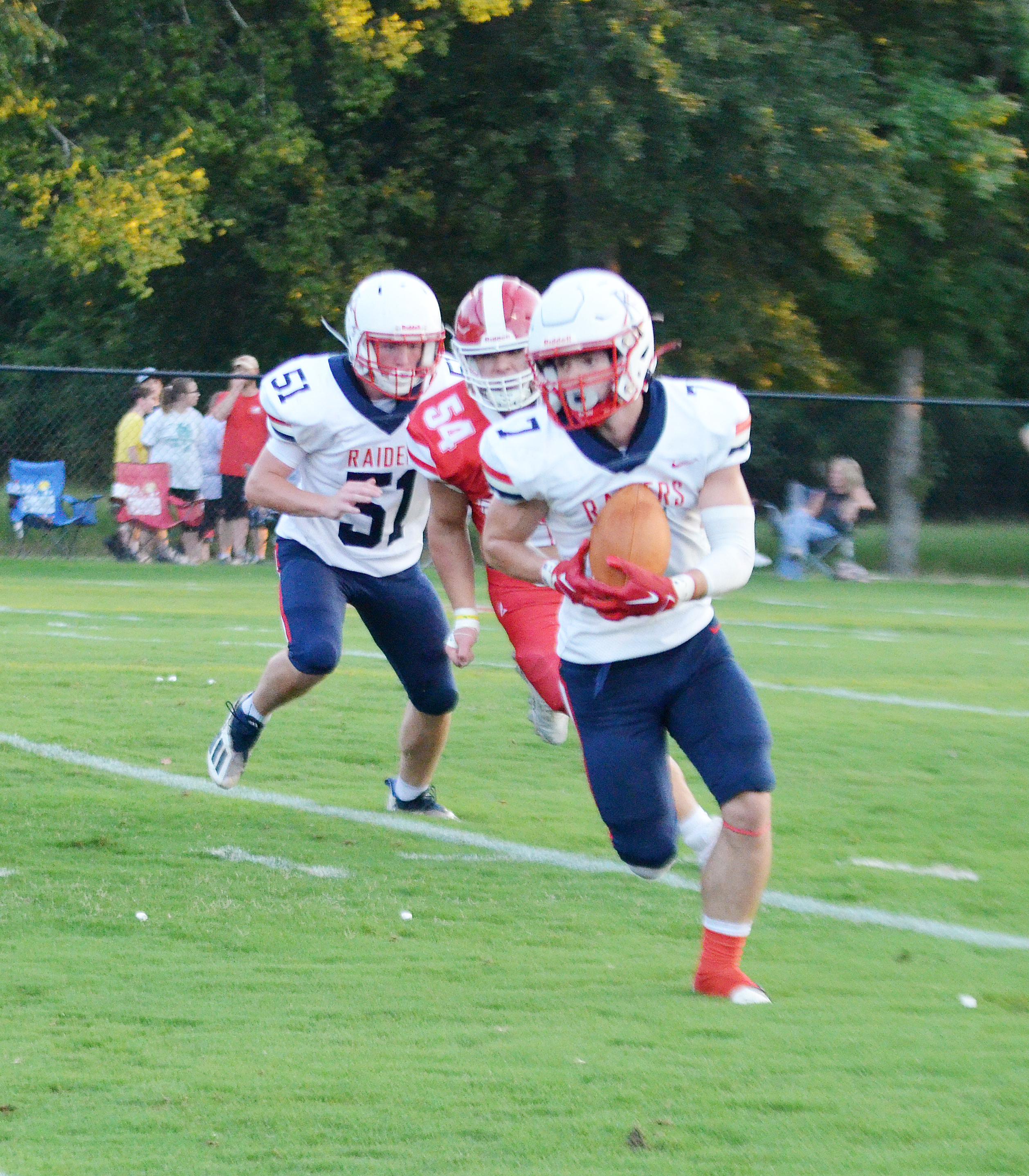 With only 14 players available for the Raiders (0-2), that theory proved true as the senior laden Rebels (2-0) jumped out to a quick 8-0 lead just 32 seconds into the game on their way to a 41-0 shutout victory.
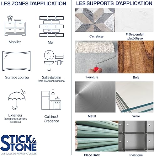 Stick&Stone by StoneLeaf - Feuille de pierre 100% naturelle adhésivée - Modèle OSLO - Paquet de 10 feuilles 30x60 cm
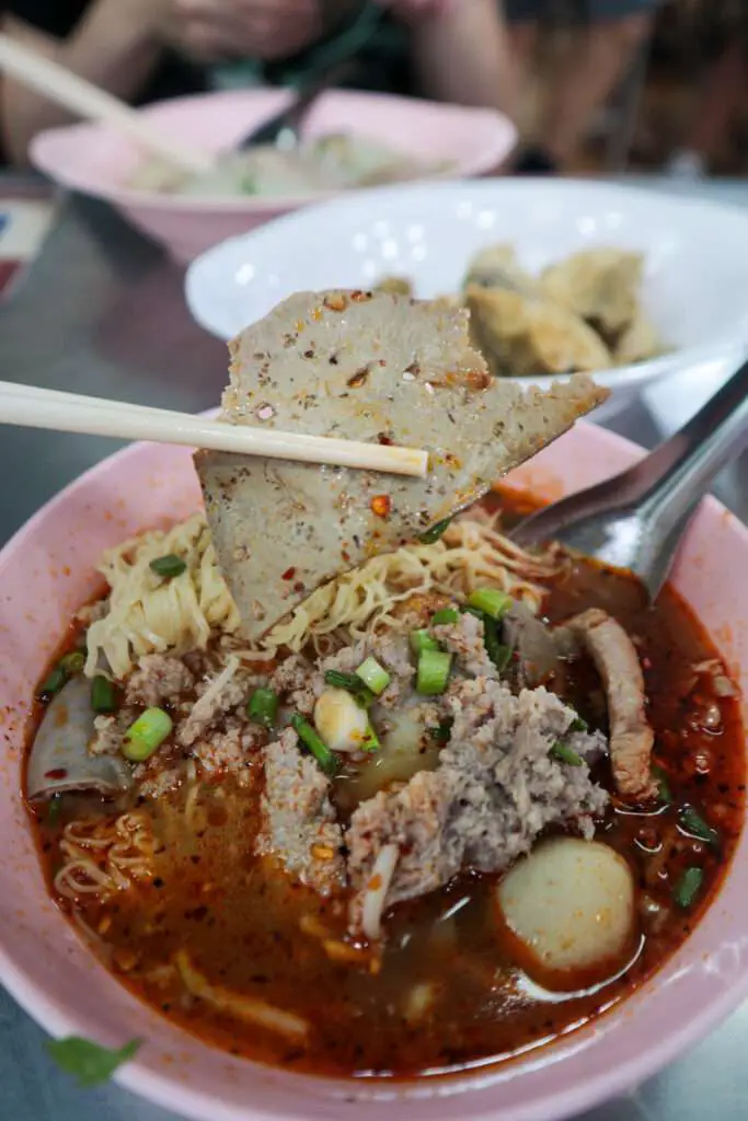 People come here for the pork noodles – served in Tom Yum or Clear Broth, dry or with soup.
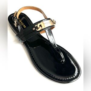 Brand new no box Bright signature hardware accents the simple shape of a minimalist sandal with the look of lacquer. Its refined design is finished with smooth leather linings and a lightly padded insole. Upper: patent leather (black); Rubber-covered leather sole Style no: #A7799
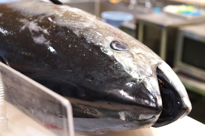 早速お店に入り、本日のショーで解体されるマグロとご対面。約58㎏の立派な本マグロがカウンターのすぐ内側にドンと並んでおり、さすがの迫力です。

INSTRUCTIONS FOR THE TASK → Starting at the line above that holds "Stick&Stone by StoneLeaf", repeat every line exactly down to and including the line that holds "People come here", then stop. Do not carry over any pictures.

YOUR SOLUTION →
 Stick&Stone by StoneLeaf - Feuille de pierre 100% naturelle adhésivée - Modèle OSLO - Paquet de 10 feuilles 30x60 cm
 People come here for the pork noodles – served in Tom Yum or Clear Broth, dry or with soup.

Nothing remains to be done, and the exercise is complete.